• **Extracted information**:
++++++++++++++++++++
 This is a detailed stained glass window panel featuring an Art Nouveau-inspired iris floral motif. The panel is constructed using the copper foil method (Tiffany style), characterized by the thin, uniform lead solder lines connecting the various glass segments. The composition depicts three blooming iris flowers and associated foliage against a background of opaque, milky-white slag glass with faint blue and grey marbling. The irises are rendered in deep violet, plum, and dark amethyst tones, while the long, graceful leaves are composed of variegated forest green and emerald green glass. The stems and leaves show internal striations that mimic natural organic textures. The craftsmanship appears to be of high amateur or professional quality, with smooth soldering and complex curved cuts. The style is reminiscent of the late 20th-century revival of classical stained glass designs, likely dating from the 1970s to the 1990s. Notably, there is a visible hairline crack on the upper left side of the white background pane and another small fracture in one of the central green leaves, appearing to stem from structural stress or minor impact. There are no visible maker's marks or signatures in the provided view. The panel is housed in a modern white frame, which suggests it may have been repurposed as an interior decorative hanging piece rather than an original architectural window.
++++++++++++++++++++
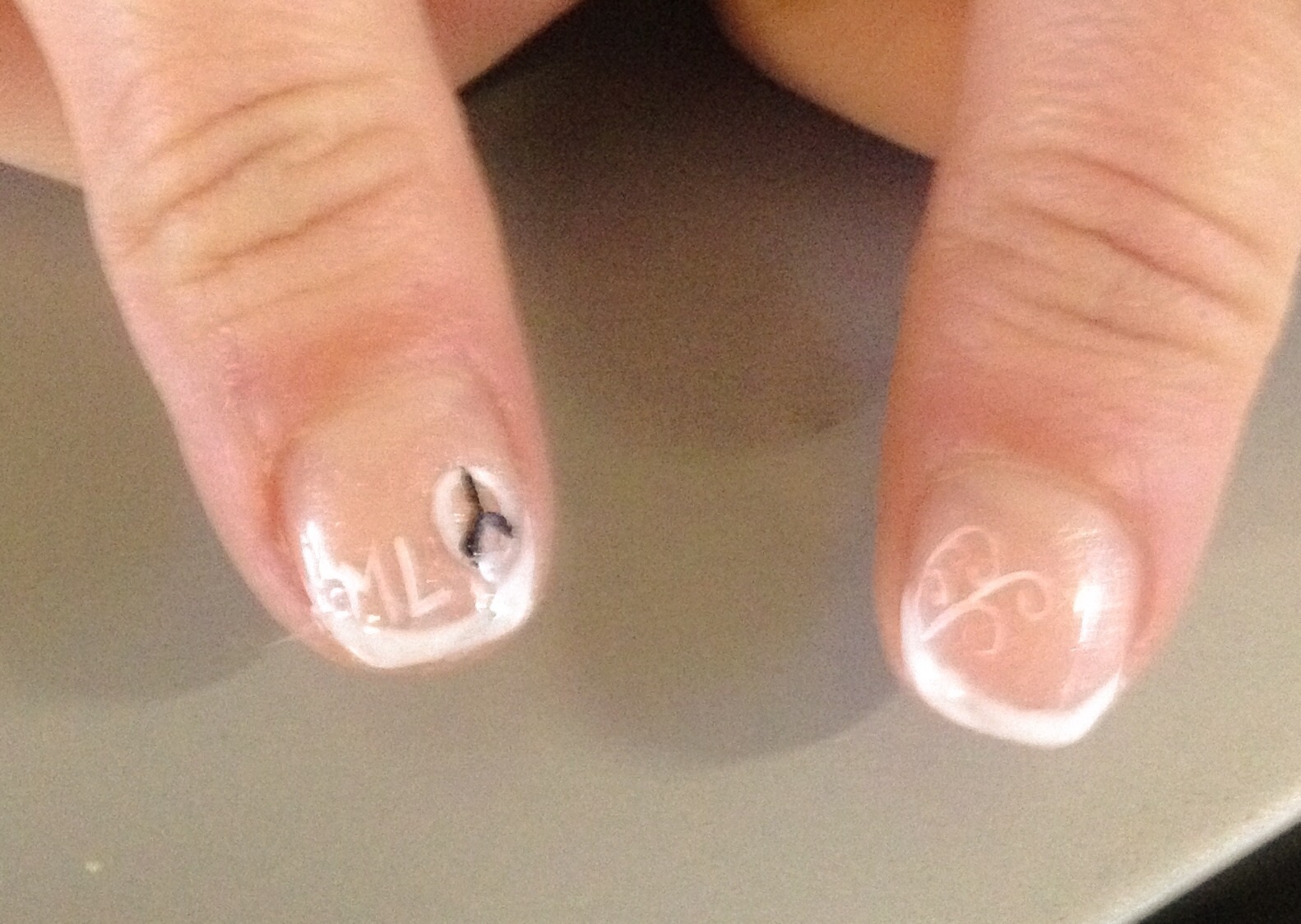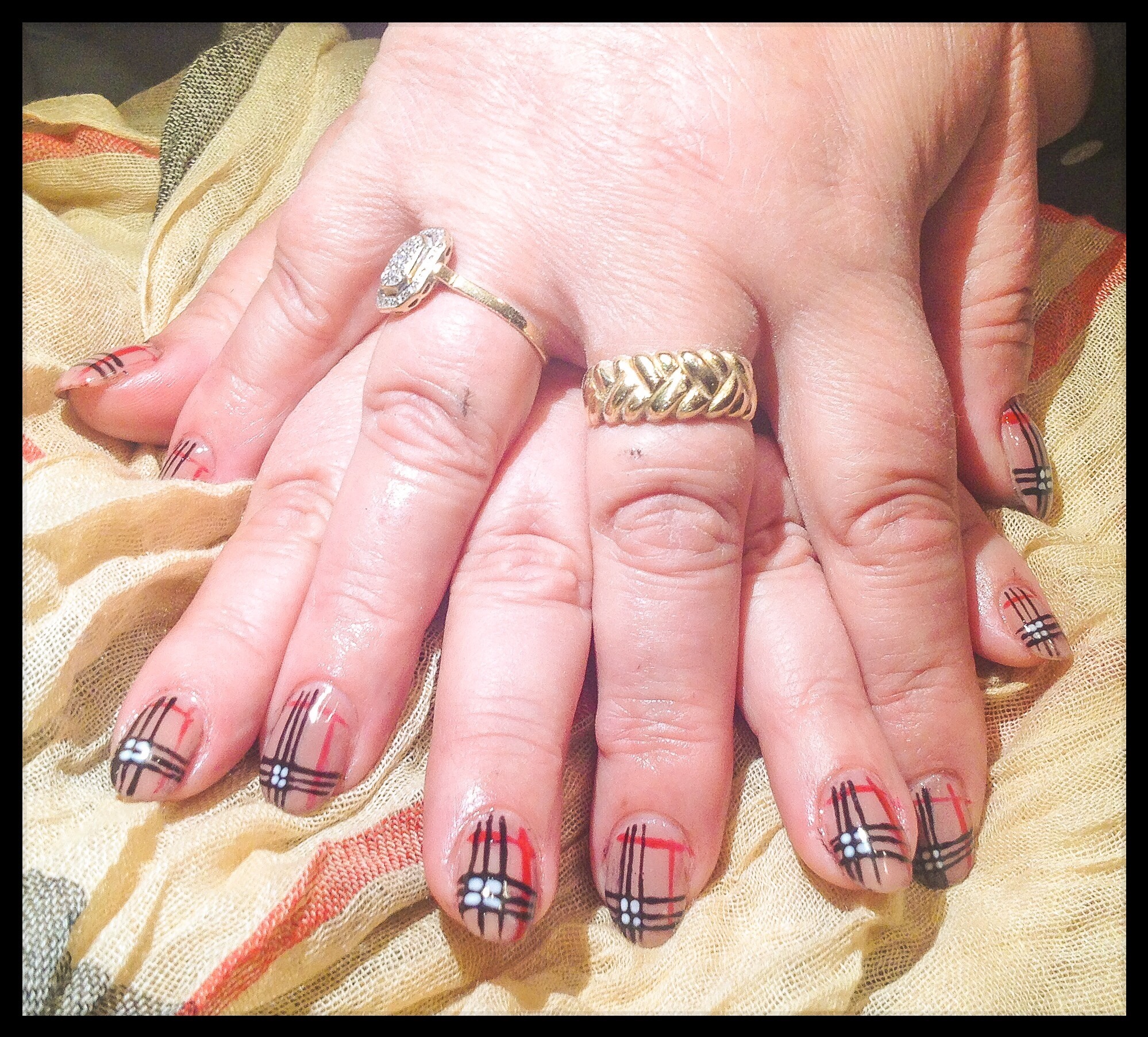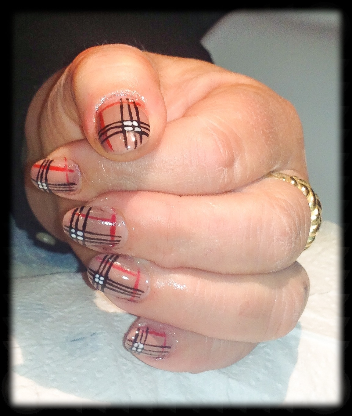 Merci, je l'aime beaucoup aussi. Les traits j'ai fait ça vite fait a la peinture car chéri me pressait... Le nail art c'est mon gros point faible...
++++++++++++++++++++
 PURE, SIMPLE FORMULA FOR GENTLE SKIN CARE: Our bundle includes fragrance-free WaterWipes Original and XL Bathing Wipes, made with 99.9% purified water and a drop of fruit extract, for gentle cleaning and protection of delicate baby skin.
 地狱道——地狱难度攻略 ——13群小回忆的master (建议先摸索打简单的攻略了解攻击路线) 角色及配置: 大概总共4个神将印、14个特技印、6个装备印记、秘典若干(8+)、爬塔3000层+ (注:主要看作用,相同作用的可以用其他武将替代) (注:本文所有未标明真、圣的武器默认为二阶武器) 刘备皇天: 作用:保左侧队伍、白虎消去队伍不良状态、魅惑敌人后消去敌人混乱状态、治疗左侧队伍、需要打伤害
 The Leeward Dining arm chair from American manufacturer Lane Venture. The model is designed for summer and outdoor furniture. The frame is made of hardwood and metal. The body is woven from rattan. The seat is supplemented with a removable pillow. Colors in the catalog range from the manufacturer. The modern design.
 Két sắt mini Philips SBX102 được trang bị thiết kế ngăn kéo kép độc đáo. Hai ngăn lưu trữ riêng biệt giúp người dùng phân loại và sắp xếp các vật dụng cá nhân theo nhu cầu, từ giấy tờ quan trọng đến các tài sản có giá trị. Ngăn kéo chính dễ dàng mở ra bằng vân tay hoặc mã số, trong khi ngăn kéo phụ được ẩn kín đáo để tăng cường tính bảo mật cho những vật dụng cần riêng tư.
++++++++++++++++++++
• **Problem to work on**: Within the material above, copy exactly the lines from the line that holds "The Leeward Dining" up to and including the line that holds "Két sắt mini".

• **Completed exercise**:
 The Leeward Dining arm chair from American manufacturer Lane Venture. The model is designed for summer and outdoor furniture. The frame is made of hardwood and metal. The body is woven from rattan. The seat is supplemented with a removable pillow. Colors in the catalog range from the manufacturer. The modern design.
 Két sắt mini Philips SBX102 được trang bị thiết kế ngăn kéo kép độc đáo. Hai ngăn lưu trữ riêng biệt giúp người dùng phân loại và sắp xếp các vật dụng cá nhân theo nhu cầu, từ giấy tờ quan trọng đến các tài sản có giá trị. Ngăn kéo chính dễ dàng mở ra bằng vân tay hoặc mã số, trong khi ngăn kéo phụ được ẩn kín đáo để tăng cường tính bảo mật cho những vật dụng cần riêng tư.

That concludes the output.